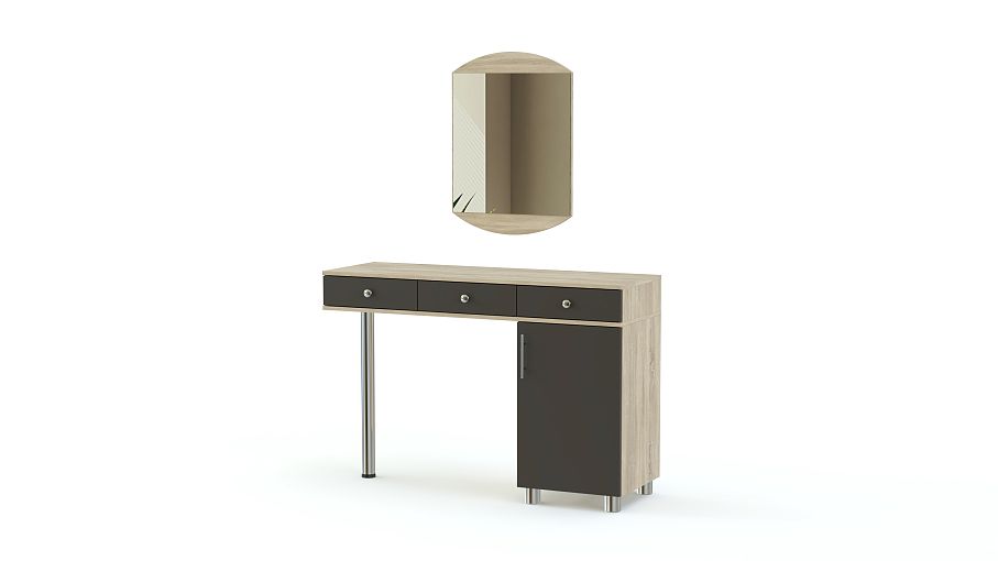 Туалетный столик Мелисса СТ 116 BMS отличается вместительностью и функциональностью, но при этом визуальной легкостью. Модель оборудована широкой столешницей, тремя выдвижными ящиками и распашным отделением с полкой, опираясь одной стороной на устойчивую хромированную опору. Элегантный вид придают столику матовые фасады и эффектное цветовое сочетание древесных оттенков. Купить туалетный столик Мелисса СТ 116 BMS по привлекательной цене приглашаем в наш интернет-магазин.
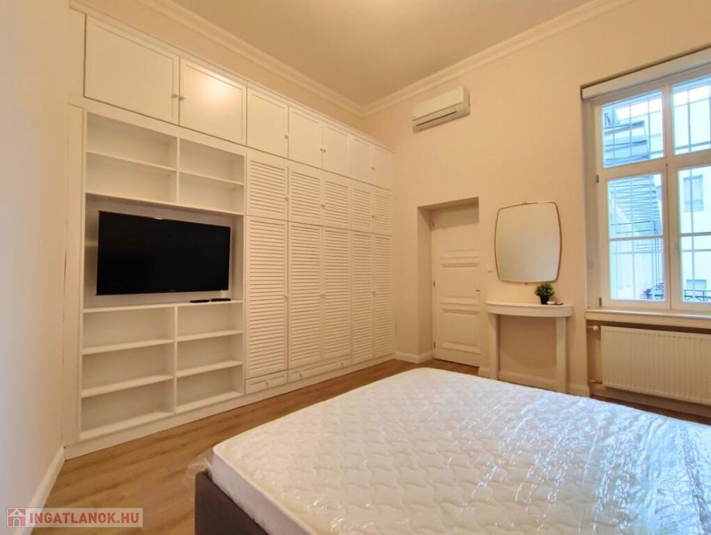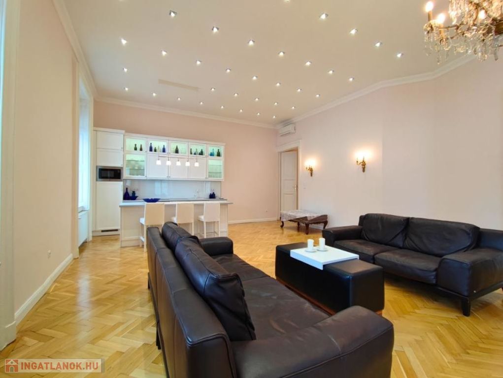Kiadó HOSSZÚTÁVRA Budapest Belvárosában, a Veres Pálné utca egyik legszebb házának a III.emeletén egy TELJESKÖRŰEN FELÚJÍTOTT, 125 nm-es, amerikai konyhás + nappalis, 2 hálószobás, 2 fürdőszobás, igény szerint bútorozott, gépesített, légkondicionált, világos, erkélyes lakás.
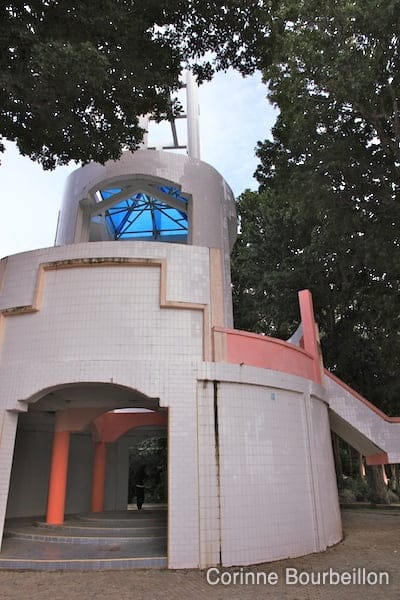 Autour : plaques commémoratives et graffitis, parking et buvette. Quelques singes farfouillent dans les poubelles et des tas de gens se prennent les uns les autres en photo…
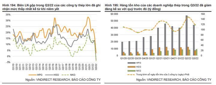 Bất chấp việc giá bán thép vẫn tiếp tục giảm trong tháng 10- tháng 11, trong báo cáo chiến lược đầu tư năm 2023, công ty chứng khoán VNDirect vẫn kỳ vọng biên lợi nhuận gộp của các công ty thép sẽ phục hồi từ quý IV khi hầu hết hàng tồn kho giá cao đã được ghi nhận vào giá vốn hàng bán của quý trước đó.
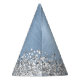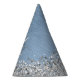 Easily personalise this trendy chic party hat design featuring pretty silver sparkling glitter on a blue brushed metallic background.
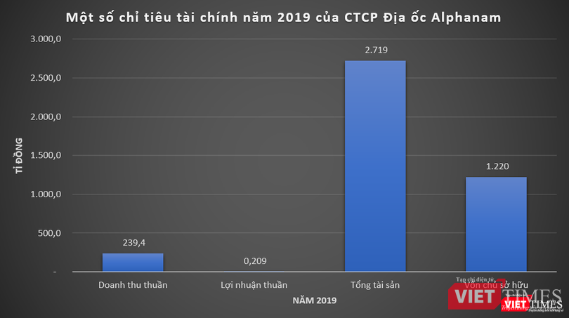 Tương tự như ALP hay AME, dữ liệu của VietTimes cho thấy, kết quả kinh doanh của Địa ốc Alphanam cũng chưa thực sự hiệu quả. Cụ thể, năm 2019, doanh thu thuần của Địa ốc Alphanam đạt 239,4 tỉ đồng, tuy nhiên lãi thuần chỉ ở mức 209 triệu đồng, tương ứng biên lợi nhuận 0,087%.
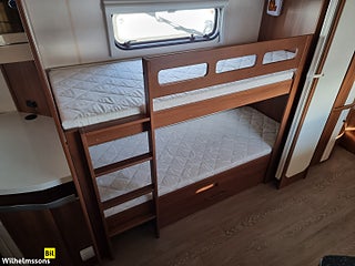 Fin och rymlig familjevagn med populär barnkammarlösning., Utrustad med ALDE vattenburen centralvärme och golvvärme perfekt för vintercamping., våningssäng på sidan bak samt bra med förvaring., Premium-modell med hög komfort och bra isolering., Markis AKS-drag Alde vattenburen värme Aluminiumfälgar Batteri + laddare, Bordsstativ - höj och sänkbart Eluttag 230 V - extra, Färskvattentank Gasolflaska Gasvarnare, Golvvärme - el Kassettoa Kyl/frys separat Köksfläkt Lastluckor Myggnätsdörr Stödben bak Stödben fram Taklucka Heki Tonade rutor, TV-antenn Varmvatten Värme - vattenbubren, LED-belysning Våningssäng. Dusch, Besiktigad till 2028-02-29, OBS! LÖRDAGAR: ELGRINDEN ÄR STÄNGD. RING 08?34 00 25, VID ANKOMST SÅ ÖPPNAR VI., VID BEHOV KAN FINANSIERINGSUPPLÄGG FÖRMEDLAS GENOM VÅR SAMARBETSPARTNER LF FINANS. MY MONEY** ----------------------------------------------------------------------------------
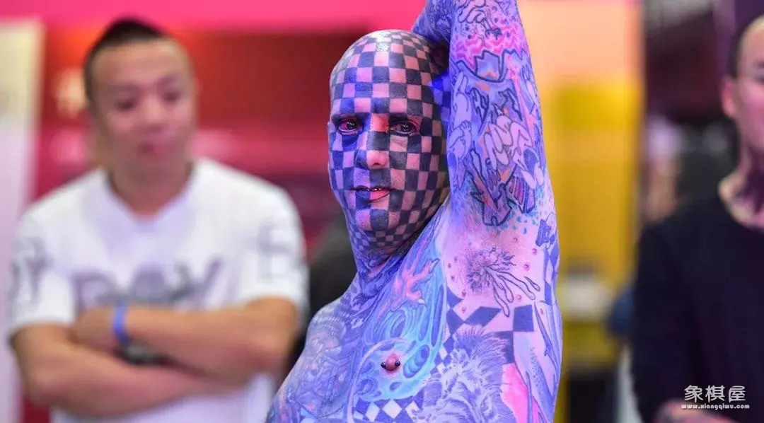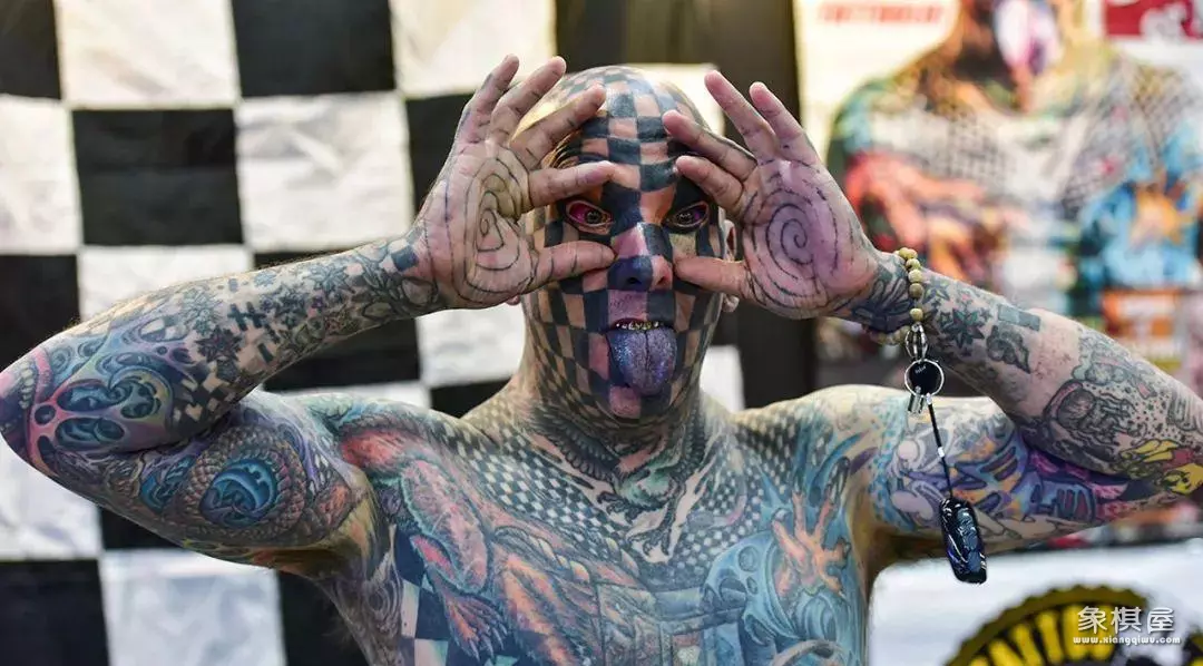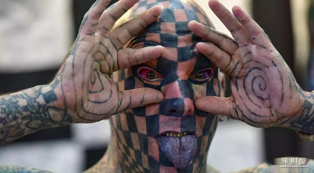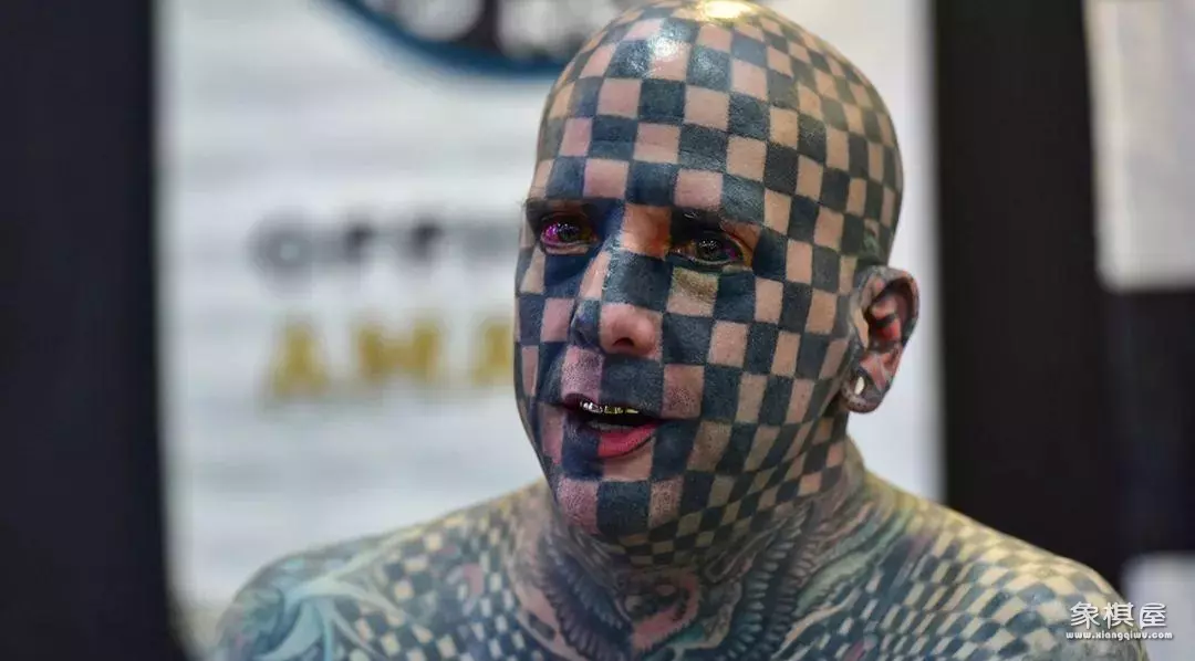 他将脸部纹成了棋盘的样式,同时为了追求纹的彻底,除了后背、胸膛、腹部、腿部这种明显的地方都纹了纹身之外,他还为自己的腋下等看不见的地方纹了纹身。
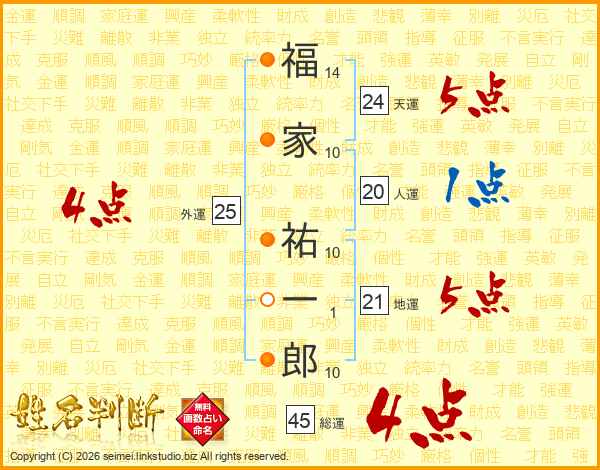 福家祐一郎さんの総運は45画の4点!
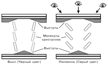 • Жидкие кристаллы не могут выстраиваться строго перпендикулярно подложке при включении напряжения. Именно по этой причине старые ЖК-дисплеи не могли отображать четкий черный цвет.
##############################
WHAT IS REQUIRED →
Each record above should be returned unchanged, except that the pictures are dropped.

TASK SOLUTION →
 Туалетный столик Мелисса СТ 116 BMS отличается вместительностью и функциональностью, но при этом визуальной легкостью. Модель оборудована широкой столешницей, тремя выдвижными ящиками и распашным отделением с полкой, опираясь одной стороной на устойчивую хромированную опору. Элегантный вид придают столику матовые фасады и эффектное цветовое сочетание древесных оттенков. Купить туалетный столик Мелисса СТ 116 BMS по привлекательной цене приглашаем в наш интернет-магазин.
Kiadó HOSSZÚTÁVRA Budapest Belvárosában, a Veres Pálné utca egyik legszebb házának a III.emeletén egy TELJESKÖRŰEN FELÚJÍTOTT, 125 nm-es, amerikai konyhás + nappalis, 2 hálószobás, 2 fürdőszobás, igény szerint bútorozott, gépesített, légkondicionált, világos, erkélyes lakás.
 Autour : plaques commémoratives et graffitis, parking et buvette. Quelques singes farfouillent dans les poubelles et des tas de gens se prennent les uns les autres en photo…
 Bất chấp việc giá bán thép vẫn tiếp tục giảm trong tháng 10- tháng 11, trong báo cáo chiến lược đầu tư năm 2023, công ty chứng khoán VNDirect vẫn kỳ vọng biên lợi nhuận gộp của các công ty thép sẽ phục hồi từ quý IV khi hầu hết hàng tồn kho giá cao đã được ghi nhận vào giá vốn hàng bán của quý trước đó.
 Easily personalise this trendy chic party hat design featuring pretty silver sparkling glitter on a blue brushed metallic background.
 Tương tự như ALP hay AME, dữ liệu của VietTimes cho thấy, kết quả kinh doanh của Địa ốc Alphanam cũng chưa thực sự hiệu quả. Cụ thể, năm 2019, doanh thu thuần của Địa ốc Alphanam đạt 239,4 tỉ đồng, tuy nhiên lãi thuần chỉ ở mức 209 triệu đồng, tương ứng biên lợi nhuận 0,087%.
 Fin och rymlig familjevagn med populär barnkammarlösning., Utrustad med ALDE vattenburen centralvärme och golvvärme perfekt för vintercamping., våningssäng på sidan bak samt bra med förvaring., Premium-modell med hög komfort och bra isolering., Markis AKS-drag Alde vattenburen värme Aluminiumfälgar Batteri + laddare, Bordsstativ - höj och sänkbart Eluttag 230 V - extra, Färskvattentank Gasolflaska Gasvarnare, Golvvärme - el Kassettoa Kyl/frys separat Köksfläkt Lastluckor Myggnätsdörr Stödben bak Stödben fram Taklucka Heki Tonade rutor, TV-antenn Varmvatten Värme - vattenbubren, LED-belysning Våningssäng. Dusch, Besiktigad till 2028-02-29, OBS! LÖRDAGAR: ELGRINDEN ÄR STÄNGD. RING 08?34 00 25, VID ANKOMST SÅ ÖPPNAR VI., VID BEHOV KAN FINANSIERINGSUPPLÄGG FÖRMEDLAS GENOM VÅR SAMARBETSPARTNER LF FINANS. MY MONEY** ----------------------------------------------------------------------------------
 他将脸部纹成了棋盘的样式,同时为了追求纹的彻底,除了后背、胸膛、腹部、腿部这种明显的地方都纹了纹身之外,他还为自己的腋下等看不见的地方纹了纹身。
 福家祐一郎さんの総運は45画の4点!
 • Жидкие кристаллы не могут выстраиваться строго перпендикулярно подложке при включении напряжения. Именно по этой причине старые ЖК-дисплеи не могли отображать четкий черный цвет.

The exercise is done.